Each such certificate shall be sealed with the corporate seal, which may be
facsimile, engraved or printed. If the Corporation shall be authorized to issue
more than one class or series of stock, every certificate representing shares
shall set forth upon the face or back of the certificate, or shall state that
the Corporation will furnish to any shareholder upon request and without charge,
a full or summary statement of the designations, voting rights, preferences,
limitations and relative rights of the shares of each class authorized to be
issued and, if the Corporation is authorized to issue any preferred or special
class in series, the variations in the relative rights and preferences between
the shares of each such series so far as the same have been fixed and determined
and the authority of the Board of Directors to fix and determine designations,
voting rights, preferences, limitations, and special rights of the classes and
series of shares of the Corporation.

     Section 2. Facsimile Signatures. Where a certificate is countersigned (1)
by a transfer agent other than the Corporation or its employee or (2) by a
registrar other than the Corporation or its employee, any other signature on the
certificate may be facsimile, engraved or printed. In case any officer, transfer
agent or registrar who has signed or whose facsimile signature has been placed
upon a certificate, shall have ceased to be such officer, transfer agent or
registrar before such certificate is issued, it may be issued by the Corporation
with the same effect as if he were such officer, transfer agent or registrar at
the date of issue.



                                       13



     Section 3. Lost Certificates. The Board of Directors may direct a new

certificate or certificates to be issued in place of any certificate or
certificates theretofore issued by the Corporation alleged to have been lost,
stolen or destroyed upon the making of an affidavit to that fact by the person
claiming the certificate of stock to be lost, stolen or destroyed. When
authorizing such issue of a new certificate or certificates, the Board of
Directors may, in its discretion and as a condition precedent to the issuance
thereof, require the owner of such lost, stolen or destroyed certificates or
certificates, or his legal representative, to advertise the same in such manner
as it shall require and/or to give the Corporation a bond in such sum as it may
direct as indemnity against any claim that may be made against the Corporation
with respect to the certificate alleged to have been lost, stolen or destroyed.

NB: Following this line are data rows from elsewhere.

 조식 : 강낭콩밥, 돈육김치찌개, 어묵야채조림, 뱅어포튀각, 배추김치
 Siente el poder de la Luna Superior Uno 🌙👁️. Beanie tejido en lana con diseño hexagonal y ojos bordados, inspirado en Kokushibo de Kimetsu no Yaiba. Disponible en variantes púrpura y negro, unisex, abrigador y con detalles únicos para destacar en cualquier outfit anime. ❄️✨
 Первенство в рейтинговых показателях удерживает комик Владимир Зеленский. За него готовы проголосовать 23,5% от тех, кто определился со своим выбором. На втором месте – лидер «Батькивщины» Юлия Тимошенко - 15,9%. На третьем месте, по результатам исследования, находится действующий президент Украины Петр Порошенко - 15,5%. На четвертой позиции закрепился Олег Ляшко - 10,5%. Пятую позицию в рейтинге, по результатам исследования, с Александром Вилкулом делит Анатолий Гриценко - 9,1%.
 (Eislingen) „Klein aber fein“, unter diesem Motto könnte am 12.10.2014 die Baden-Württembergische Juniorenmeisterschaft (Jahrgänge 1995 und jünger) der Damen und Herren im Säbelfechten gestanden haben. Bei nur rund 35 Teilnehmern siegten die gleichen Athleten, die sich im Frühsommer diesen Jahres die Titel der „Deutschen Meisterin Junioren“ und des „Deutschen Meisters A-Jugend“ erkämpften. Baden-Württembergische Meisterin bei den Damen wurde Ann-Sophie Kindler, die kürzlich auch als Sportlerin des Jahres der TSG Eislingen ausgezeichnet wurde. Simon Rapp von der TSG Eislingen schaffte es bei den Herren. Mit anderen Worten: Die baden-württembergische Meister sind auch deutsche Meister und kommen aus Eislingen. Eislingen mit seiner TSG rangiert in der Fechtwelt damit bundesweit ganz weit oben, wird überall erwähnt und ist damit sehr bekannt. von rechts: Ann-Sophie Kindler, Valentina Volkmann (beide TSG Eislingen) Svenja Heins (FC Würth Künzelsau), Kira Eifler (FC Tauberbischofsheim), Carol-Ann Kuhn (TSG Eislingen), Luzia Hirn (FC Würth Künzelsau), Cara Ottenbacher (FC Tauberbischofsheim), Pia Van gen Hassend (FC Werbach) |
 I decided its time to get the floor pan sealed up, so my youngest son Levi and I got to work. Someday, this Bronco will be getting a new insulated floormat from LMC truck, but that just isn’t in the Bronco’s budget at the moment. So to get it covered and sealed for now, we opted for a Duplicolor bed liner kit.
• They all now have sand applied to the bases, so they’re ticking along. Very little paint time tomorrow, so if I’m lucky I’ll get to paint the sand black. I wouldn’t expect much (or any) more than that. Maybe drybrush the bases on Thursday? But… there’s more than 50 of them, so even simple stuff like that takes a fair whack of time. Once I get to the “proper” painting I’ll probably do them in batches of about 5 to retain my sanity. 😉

     Section 4. Transfers of Stock. Upon surrender to the Corporation or the
transfer agent or agents of the Corporation of a certificate for shares duly
endorsed or accompanied by proper evidence of succession, assignment or
authority to transfer, it shall by the duty of the Corporation to issue a new
certificate to the person entitled thereto, cancel the old certificate and
record the transaction upon its books.

     Section 5. Fixing Record Date. In order that the Corporation may determine
the shareholders entitled to notice of or to vote at any meeting of shareholders
or any adjournment thereof, or entitled to receive payment of any dividend or
other distribution or allotment of any rights, or entitled to exercise any
rights in respect of any change, conversion or exchange of stock or for the
purpose of any other lawful action, the Board of Directors may fix, in advance,
a record date, which shall not be more than ninety days before the date of such
meeting or any other action. If no record date is fixed, then (a) the record
date for determining shareholders shall be at the close of business on the day
next preceding the day on which notice is given or, if notice is waived, at the
close of business on the day next preceding the day on which the meeting is held
and (b) the record date for determining shareholders for any other purpose shall
be at the close of business on the day on which the Board of Directors adopts
the resolution relating hereto. A determination of shareholders of record
entitled to notice of, or to vote at, a meeting of shareholders shall apply to
any adjournment of the meeting; provided, however, that the Board of Directors
may fix a new record date for the adjourned meeting in which case notice of the
adjourned meeting shall be given to each shareholder of record entitled to vote
at the meeting.

     Section 6. Registered Shareholders. The Corporation shall be entitled to
recognize the exclusive right of a person registered on its books as the owner
of shares to receive dividends, and to vote as such owner, and to hold liable
for calls and assessments a person registered on its books as the owner of
shares, and shall not be bound to recognize any equitable or other claim to or
interest in such share or shares on the part of any other person, whether or not
it shall have express or other notice thereof, except as otherwise provided by
the laws of Pennsylvania.


                                       14



                                  ARTICLE VIII


                               GENERAL PROVISIONS

     Section 1. Dividends. Dividends upon the capital stock of the Corporation,
subject to the provisions of the Articles, if any, may be declared by the Board
of Directors at any regular or special meeting, pursuant to law. Dividends may
be paid in cash, in property, or in shares of the capital stock, subject to the
provisions of the Articles.

     Section 2. Reserves. Before payment of any dividend, there may be set aside
out of any funds of the Corporation available for dividends such sum or sums as
the directors from time to time in their absolute discretion, think proper as a
reserve or reserves to meet contingencies, or for equalizing dividends, or for
repairing or maintaining any property of the Corporation, or for such other
purposes as the directors shall think conductive to the interest of the
Corporation, and the directors may modify or abolish any such reserve in the
manner in which it was created.

     Section 3. Fiscal Year. The fiscal year of the Corporation shall end on the
thirty-first day of December in each year.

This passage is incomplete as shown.